- **WORK TO BE COMPLETED**: All of the data, except its images, should be set down exactly as it appears.

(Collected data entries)
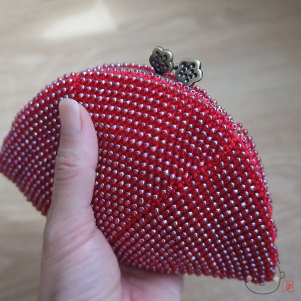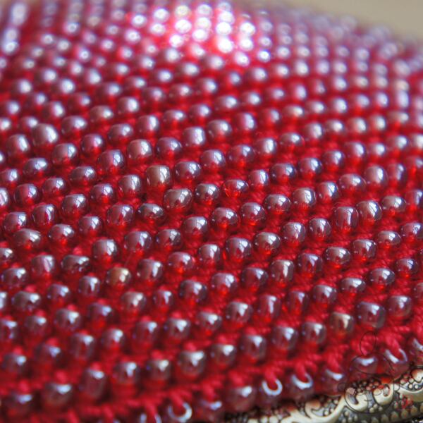 キラッと輝く3mmのビーズを、ひとつぶづつ全面に編み込みました。
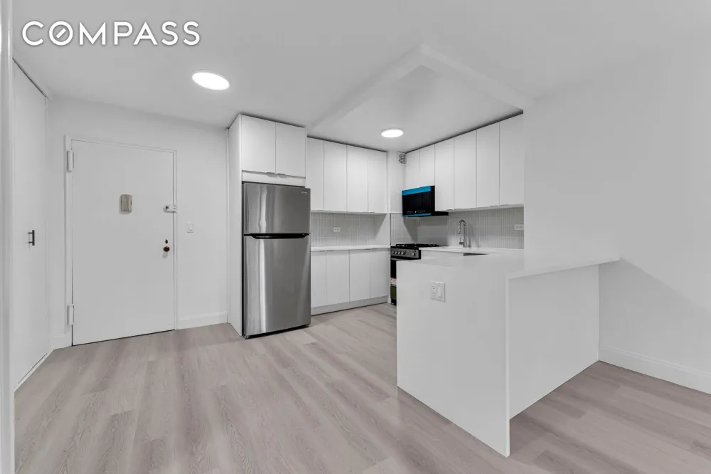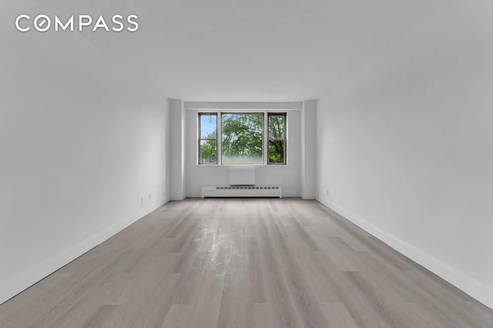 Sophisticated Interior: This fully renovated studio is bathed in natural light from oversized windows with treetop views, complemented by brand-new wide-plank flooring and gallery-white walls, providing a fresh and elegant canvas for any décor.
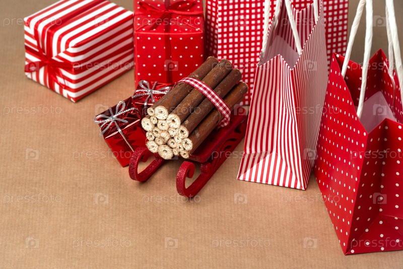 Рождественский фон с красными украшениями, пакетиками и коробками
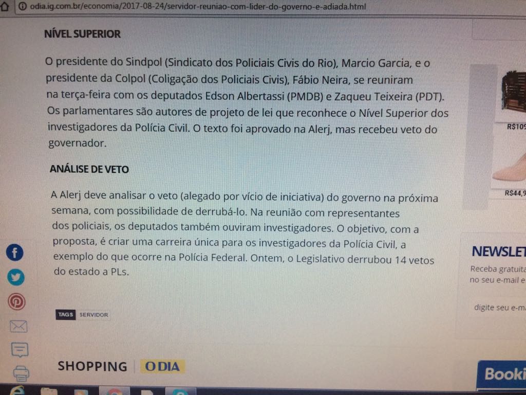 SINDPOL no jornal O Dia de 24/08. Leia aqui:
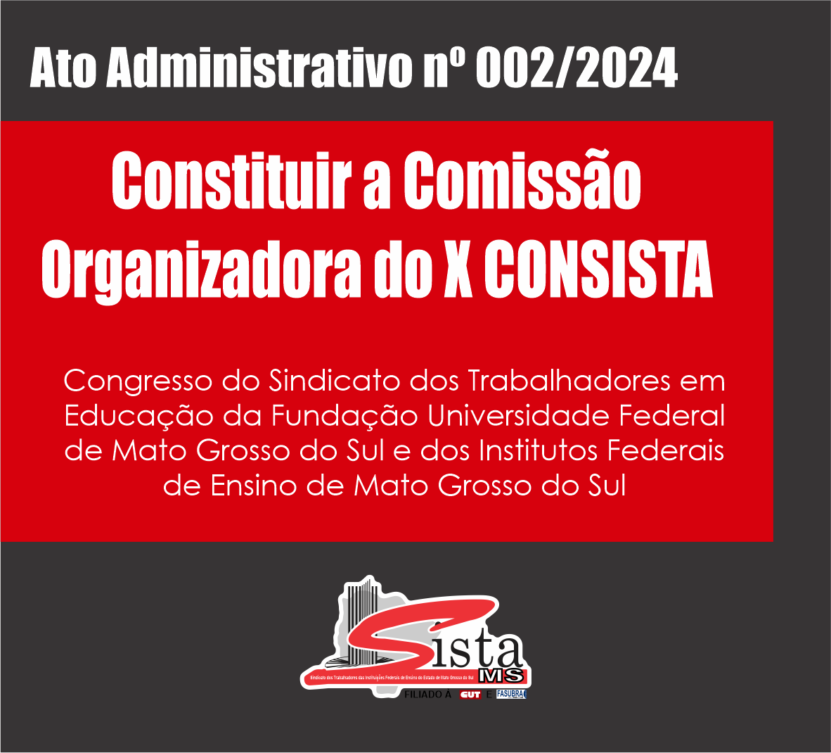 Constituir a Comissão Organizadora do X CONSISTA – Décimo Congresso do Sindicato dos Trabalhadores em Educação da Fundação Universidade Federal de Mato Grosso do Sul e dos Institutos Federais de Ensino de Mato Grosso do Sul, para dirigir e propor todas as ações necessárias para Organização e Realização do Congresso dos servidores Técnicos-Administrativos da Universidade Federal de Mato Grosso do Sul e Institutos Federais de Ensino de Mato Grosso do Sul, composto pelos seguintes membros abaixo relacionados:

- **WRITTEN ANSWER**:
 キラッと輝く3mmのビーズを、ひとつぶづつ全面に編み込みました。
 Sophisticated Interior: This fully renovated studio is bathed in natural light from oversized windows with treetop views, complemented by brand-new wide-plank flooring and gallery-white walls, providing a fresh and elegant canvas for any décor.
 Рождественский фон с красными украшениями, пакетиками и коробками
 SINDPOL no jornal O Dia de 24/08. Leia aqui:
 Constituir a Comissão Organizadora do X CONSISTA – Décimo Congresso do Sindicato dos Trabalhadores em Educação da Fundação Universidade Federal de Mato Grosso do Sul e dos Institutos Federais de Ensino de Mato Grosso do Sul, para dirigir e propor todas as ações necessárias para Organização e Realização do Congresso dos servidores Técnicos-Administrativos da Universidade Federal de Mato Grosso do Sul e Institutos Federais de Ensino de Mato Grosso do Sul, composto pelos seguintes membros abaixo relacionados:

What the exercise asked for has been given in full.